El filtro en cuestión estaba diseñado para prevenir que el algoritmo inundara a los usuarios con contenido potencialmente dañino de manera repetitiva. TikTok desactivó este filtro en un grupo de control para medir el impacto en el tiempo de uso. Uno de los usuarios de este grupo fue Chase Nasca, un adolescente de 16 años quien, sin el filtro activo, recibió miles de videos relacionados con tristeza, suicidio y soledad, lo que culminó en su suicidio. Esta información fue reportada por Bloomberg.
Este experimento se distingue de las pruebas A/B habituales, ya que implicó la desactivación de una medida de seguridad destinada a proteger a los usuarios de riesgos documentados. No se trataba de determinar si un botón de «me gusta» en color azul o verde era más efectivo, sino de investigar si la eliminación de una salvaguarda frente a contenido dañino incrementaba el tiempo que los usuarios pasaban en la aplicación.
Los senadores demandan que TikTok explique por qué permitió que menores de edad formaran parte del grupo de control en un experimento que desactivaba protecciones específicamente diseñadas para ellos. Además, han establecido un plazo hasta el 1 de septiembre para que la empresa responda a 13 preguntas, que incluyen la identificación de empleados que conocían el experimento y una lista de otros experimentos realizados en EE.UU. donde se desactivaron o retrasaron funciones de seguridad. TikTok no ha respondido a la solicitud de comentarios por parte de TechCrunch.
TikTok ha enfrentado problemas con reguladores en varios países debido a su gestión de contenido dirigido a menores. En 2023, la empresa se vio obligada a cumplir con una nueva normativa en Europa que exigía a los usuarios recibir un feed no personalizado, separando la lógica de recomendación de la de personalización. En 2022, anunció que limitaría la aparición de contenido para adultos en los feeds de usuarios menores. En 2021, se enfrentó a demandas por el uso masivo de datos de niños sin el consentimiento de sus padres.
El patrón muestra que TikTok tiende a anunciar compromisos de seguridad bajo presión regulatoria, sin embargo, los reguladores han encontrado que estos compromisos a menudo no se implementan adecuadamente o coexisten con prácticas que los contradicen. El experimento que desactivó el filtro de seguridad no infringe ningún compromiso formal de la empresa, ya que estos nunca establecen explícitamente que no realizarán experimentos A/B con medidas de seguridad.
Las cartas enviadas al Congreso tienen el potencial de obligar a la transparencia, ya que TikTok debe responder formalmente a las inquietudes planteadas. Sin embargo, estas cartas no poseen poder ejecutivo directo. Si la respuesta de TikTok es evasiva o incompleta, los senadores podrían convocar audiencias, que podrían llevar a legislación o a referidos a la Comisión Federal de Comercio (FTC) o al Departamento de Justicia.
El caso de Chase Nasca ya se encuentra siendo litigado por su familia de manera independiente. Si se determina que TikTok sabía que su algoritmo estaba proporcionando contenido dañino repetidamente y no tomó medidas, la responsabilidad legal de la empresa podría ser significativa. La carta de los senadores transforma lo que podría haber sido un litigio civil individual en un asunto de supervisión del Congreso, alterando considerablemente la dinámica política y legal en torno a la compañía.

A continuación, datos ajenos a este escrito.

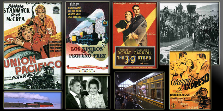 39 ESCALONES (1935) es uno de los títulos más conocidos de la etapa inglesa de Alfred Hitchcock, y contiene secuencias de especial interés ferroviario como la del paso del tren por un magnífico puente metálico. Otros títulos valiosos del genio inglés son ALARMA EN EL EXPRESO (1938), EXTRAÑOS EN UN TREN (1951) y LA SOMBRA DE UNA DUDA (1943). Mención especial para otro de sus clásicos: CON LA MUERTE EN LOS TALONES (North by Northwest, 1959). Cary Grant en su desesperada huída toma el tren de Nueva York a Chicago sin pasar por taquilla y claro, no le queda otro remedio que compartir coche cama con Eva Marie Saint, otra "femme fatale" rubia y peligrosa de las que tanto gustaba rodearse el maestro del suspense.

La implicación más inquietante del experimento no es solo que TikTok desactivara el filtro, sino la hipótesis detrás de esta decisión: que el filtro estaba limitando el tiempo que los usuarios pasaban en la aplicación. Si esta hipótesis es correcta y el experimento lo confirma, el algoritmo de TikTok podría estar optimizando la exposición a contenido que asegura una alta retención, incluyendo material que trata sobre temas sensibles como la tristeza, la soledad y el suicidio. Esto no necesariamente implica que TikTok desee que sus usuarios vean este tipo de contenido, sino que es una consecuencia de un modelo de negocio que prioriza el engagement sin suficientes restricciones sobre el tipo de contenido que se puede utilizar para lograrlo.

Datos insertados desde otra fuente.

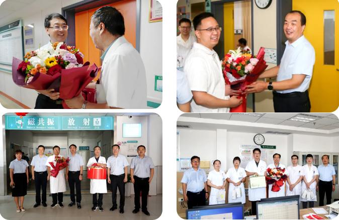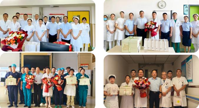 每到一個科室,醫院領導都將精心準備的鮮花、香甜的蛋糕以及貼心的慰問品送到每一位醫師手中。一句句 “辛苦了”“注意休息”,讓醫師們深切感受到醫院的關懷與支持。院領導們高度肯定并贊揚了醫師們在臨床工作中的辛勤付出與無私奉獻。他們強調,醫務工作者是社會中最崇高的職業之一,醫師們憑借自己的專業智慧和汗水,日夜守護著患者的生命健康,是生命戰場上的 “最美逆行者”。

Esta situación ha sido un punto de crítica en los litigios en curso contra TikTok, Meta y otras plataformas sociales. Los demandantes alegan que el problema no es que estas empresas deseen dañar a sus usuarios adolescentes, sino que su modelo de negocio, basado en la atención, crea incentivos para maximizar el tiempo de pantalla de cualquier forma que sea efectiva. En el caso de adolescentes vulnerables, esto puede incluir contenido con efectos negativos sobre la salud mental. El experimento del filtro no genera este argumento desde cero, pero complica su refutación. La carta de los senadores asegura que la documentación interna sobre este tema deberá hacerse pública, al menos en parte.